If required by the Board of Directors, he shall give the Corporation a bond
(which shall be renewed every six years) in such sum and with such surety or
sureties as shall be satisfactory to the Board of Directors for the faithful
performance of the duties in his office and for the restoration to the
Corporation, in case of his death, resignation, retirement or



                                       10



removal from office, of all books, papers, vouchers, money and other property or
whatever kind in his possession or under his control belonging to the
Corporation.

     Section 9. Subordinate Officer. In addition to the officers enumerated in
this Article V, the Corporation may have such other officers, agents and
employees as the Board of Directors may determine, including one or more
Assistant Secretaries and one or more Assistant Treasurers, each of whom shall
hold office for such period, have such authority and perform such duties as the

Board of Directors may from time to time determine. The Board of Directors may
delegate to any principal officer (that is, an officer whose office is
enumerated in Sections 3, 4, 5, 6, 7 or 8 of this Article V) the power to
appoint or remove any such subordinate officers, agents or employees.

     Section 10. Removal. Any officer may be removed, either with or without
cause, by the vote of a majority of the directors then in office at a meeting
called for the purpose or, except in case of any officer elected by the Board of
Directors, by any officer upon whom the powers of removal may be conferred by
the Board of Directors.

     Section 11. Resignation. Any officer may resign at any time by giving
written notice to the Board of Directors or to the Chairman of the Board of
Directors, the President, a Vice Chairman of the Board of Directors or the
Secretary of the Corporation. Such resignation shall take effect on the date of
receipt of such notice or at any later time specified therein; and unless
specified therein, the acceptance of such resignation shall not be necessary to
make it effective.

     Section 12. Vacancies. A vacancy in any office because of death,
resignation, removal, disqualification or any other cause shall be filled for
the unexpired portion of the term in the manner prescribed in these By-Laws for
regular election or appointment to such office.

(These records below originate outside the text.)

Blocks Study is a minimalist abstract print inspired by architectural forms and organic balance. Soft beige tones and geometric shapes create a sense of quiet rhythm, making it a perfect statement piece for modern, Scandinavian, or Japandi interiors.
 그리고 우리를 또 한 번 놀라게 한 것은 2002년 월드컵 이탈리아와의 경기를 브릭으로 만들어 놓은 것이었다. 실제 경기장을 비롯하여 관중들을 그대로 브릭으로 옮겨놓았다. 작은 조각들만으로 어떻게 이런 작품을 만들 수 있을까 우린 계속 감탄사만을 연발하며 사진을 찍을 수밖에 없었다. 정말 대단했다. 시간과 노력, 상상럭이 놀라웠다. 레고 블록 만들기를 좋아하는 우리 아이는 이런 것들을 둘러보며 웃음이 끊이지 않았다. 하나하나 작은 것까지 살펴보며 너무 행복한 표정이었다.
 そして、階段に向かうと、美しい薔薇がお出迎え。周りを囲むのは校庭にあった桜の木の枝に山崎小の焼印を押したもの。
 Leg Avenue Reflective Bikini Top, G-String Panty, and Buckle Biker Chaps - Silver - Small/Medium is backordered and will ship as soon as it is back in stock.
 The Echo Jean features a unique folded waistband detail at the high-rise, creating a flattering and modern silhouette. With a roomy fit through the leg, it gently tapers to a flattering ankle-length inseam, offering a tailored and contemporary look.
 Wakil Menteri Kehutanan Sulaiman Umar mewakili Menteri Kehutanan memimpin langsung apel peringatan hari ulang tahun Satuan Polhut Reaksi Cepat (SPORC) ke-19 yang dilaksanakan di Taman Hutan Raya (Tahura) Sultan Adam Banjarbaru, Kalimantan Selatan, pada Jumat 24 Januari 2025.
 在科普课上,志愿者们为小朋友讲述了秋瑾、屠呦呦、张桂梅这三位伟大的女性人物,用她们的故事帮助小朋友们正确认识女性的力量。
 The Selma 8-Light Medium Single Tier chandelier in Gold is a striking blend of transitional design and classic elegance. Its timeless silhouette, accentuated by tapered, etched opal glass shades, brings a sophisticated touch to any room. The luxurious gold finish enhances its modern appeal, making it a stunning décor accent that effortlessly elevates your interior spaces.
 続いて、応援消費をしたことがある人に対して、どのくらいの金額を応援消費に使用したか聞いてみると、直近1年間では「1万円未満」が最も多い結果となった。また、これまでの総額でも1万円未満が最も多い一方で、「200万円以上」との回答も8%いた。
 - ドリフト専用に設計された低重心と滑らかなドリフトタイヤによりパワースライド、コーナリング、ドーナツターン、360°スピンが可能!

     Section 13. Officers' Salaries. The salaries of the officers shall be fixed
from time to time by the Board of Directors, and none of such officers shall be
prevented from receiving a salary by reason of the fact that he is also a
director of the Corporation. The provisions of this Section 13 are subject to
the provisions of Section 15 of Article III of these By-Laws in the case of
officers who are also directors.

     Section 14. Staff and Group Officers. In addition to the corporate officers
enumerated in this Article V (that is, officers whose offices are enumerated in
Sections 3, 4, 5, 6, 7, 8 or 9 of this Article V), the Corporation may have such
staff and group officers as the President may appoint including, but not by way
of limitation, one or more group vice presidents and staff vice presidents. Each
such staff and group officer appointed may carry such exact title as may be
designated by the President and shall hold office for such period, have such
executive authority as to a specific area designated by the President and
perform such duties as the President may from time to time determine.


                                       11



                                   ARTICLE VI

                 CONTRACTS, CHECKS, DRAFTS, BANK ACCOUNTS, ETC.

     Section 1. Authority of Officers. The Board of Directors, except as
otherwise provided in these By-Laws, may authorize any officer or officers,
agent or agents, or employee or employees of the Corporation to enter into any
contract or execute and deliver any instrument in the name and on behalf of the

Corporation, and such authority may be general or confined to specific
instances; and, unless so authorized by the Board of Directors, no officer,
agent or employee shall have any power or authority to bind the Corporation by
any contract or engagement or to pledge its credit or to render it liable
pecuniarily for any purpose or to any amount.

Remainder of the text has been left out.